This is a constant problem with your benchmark. You’re always trying to cheat your way in the benchmark for PolkaVM. The recompiler has a bytecode throughput. If you tweak the LLVM inline to get a vastly different blob size, the recompile process will of course be vast different. We can also tweak our LLVM inline parameter (and in PVM2 it’s much much easier) and get smaller sizes.
If you tweaked inline to get half the blob size (which we can also do) and still 40% slower, that means we’re 3x faster than PolkaVM. But we won’t claim those premature data.
It’s interesting that several months ago you told us that your interpreter is “unoptimized”. And now you claim your recompiler is “not fully optimized”.
The “simplified model” you mentioned is also incorrect. The current implemented “simplified model” in PolkaVM is the “naive” gas metering, which is far from a production-grade spec.
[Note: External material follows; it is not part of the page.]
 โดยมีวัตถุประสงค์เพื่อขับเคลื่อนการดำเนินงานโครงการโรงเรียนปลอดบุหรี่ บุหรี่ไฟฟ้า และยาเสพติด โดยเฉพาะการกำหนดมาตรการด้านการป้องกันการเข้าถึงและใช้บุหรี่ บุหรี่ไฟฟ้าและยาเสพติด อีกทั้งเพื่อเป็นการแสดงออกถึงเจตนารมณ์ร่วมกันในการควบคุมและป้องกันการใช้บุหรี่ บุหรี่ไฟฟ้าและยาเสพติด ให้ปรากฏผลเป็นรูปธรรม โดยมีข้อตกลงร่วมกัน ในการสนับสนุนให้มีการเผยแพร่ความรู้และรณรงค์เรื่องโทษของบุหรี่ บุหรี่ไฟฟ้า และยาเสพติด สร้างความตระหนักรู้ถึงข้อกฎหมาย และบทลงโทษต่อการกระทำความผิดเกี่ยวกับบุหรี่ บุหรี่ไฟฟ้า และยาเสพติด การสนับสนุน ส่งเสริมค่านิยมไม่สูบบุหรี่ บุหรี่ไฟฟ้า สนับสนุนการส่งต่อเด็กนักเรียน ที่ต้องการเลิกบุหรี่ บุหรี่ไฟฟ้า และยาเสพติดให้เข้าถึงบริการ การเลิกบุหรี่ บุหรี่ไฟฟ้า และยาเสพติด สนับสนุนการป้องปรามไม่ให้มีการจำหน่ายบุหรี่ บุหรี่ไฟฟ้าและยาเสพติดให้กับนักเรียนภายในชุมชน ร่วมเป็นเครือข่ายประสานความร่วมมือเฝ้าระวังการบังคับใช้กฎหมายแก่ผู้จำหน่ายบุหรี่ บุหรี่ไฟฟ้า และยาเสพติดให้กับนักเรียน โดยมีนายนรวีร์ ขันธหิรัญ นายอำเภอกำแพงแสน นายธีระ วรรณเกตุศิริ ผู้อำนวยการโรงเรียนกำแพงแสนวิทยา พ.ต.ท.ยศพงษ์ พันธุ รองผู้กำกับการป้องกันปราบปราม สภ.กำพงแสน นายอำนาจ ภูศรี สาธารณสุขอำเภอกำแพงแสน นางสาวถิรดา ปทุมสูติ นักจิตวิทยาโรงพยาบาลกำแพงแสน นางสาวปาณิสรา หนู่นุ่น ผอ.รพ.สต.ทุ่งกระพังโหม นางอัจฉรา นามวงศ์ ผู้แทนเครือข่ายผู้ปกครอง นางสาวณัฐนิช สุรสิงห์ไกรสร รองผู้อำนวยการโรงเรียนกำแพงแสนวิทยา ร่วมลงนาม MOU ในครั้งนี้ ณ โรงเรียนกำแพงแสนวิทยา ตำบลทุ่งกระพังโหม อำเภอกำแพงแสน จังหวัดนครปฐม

You’re welcome to adopt the single-pass pipeline simulation gas metering we developed for JAR Chain.
But this is missing the tree for the forest. If you actually read the top forum post, what our benchmark primarily shows is not about PolkaVM vs JAVM. It’s true of course that JAVM is 2x faster than PolkaVM, and this has been an established facts for over a month. In fact, PolkaVM is so slow that we aren’t even using it as a target any more. (I’m sure if you adopt the optimizations in our old code pre-PVM2-migration, you can catch up on the single-vm benchmarks, but you’ll never catch up on our large multi-vm benchmarks – we have a much more optimized capability-based architecture that it’s not possible for you to match unless you’re open to a full overhaul of the JAM design.)
What we’re showing is, rather, the entire PVM ISA is unnecessary. If you read our benchmark data, we mainly compare in-house – our own JAVM (legacy PVM, but already 2x faster than PolkaVM) vs JAVM (PVM2). We get competitive results for JAVM (PVM2). There’s no significant benefits to the legacy PVM ISA. We can get comparable performance and binary size using mostly standard RISC-V ISA. There are enormous benefits following a standard instead of handroll things, and that’s the direction (PVM2) we’ll go with in JAR Chain.
This is honestly a trend we’ve been repeatedly seeing in Polkadot development. A lot of over-engineering without sufficient data to back it. Last year’s EVM debate was another example. Now in retrospect everyone will just look at the real-world data and laugh.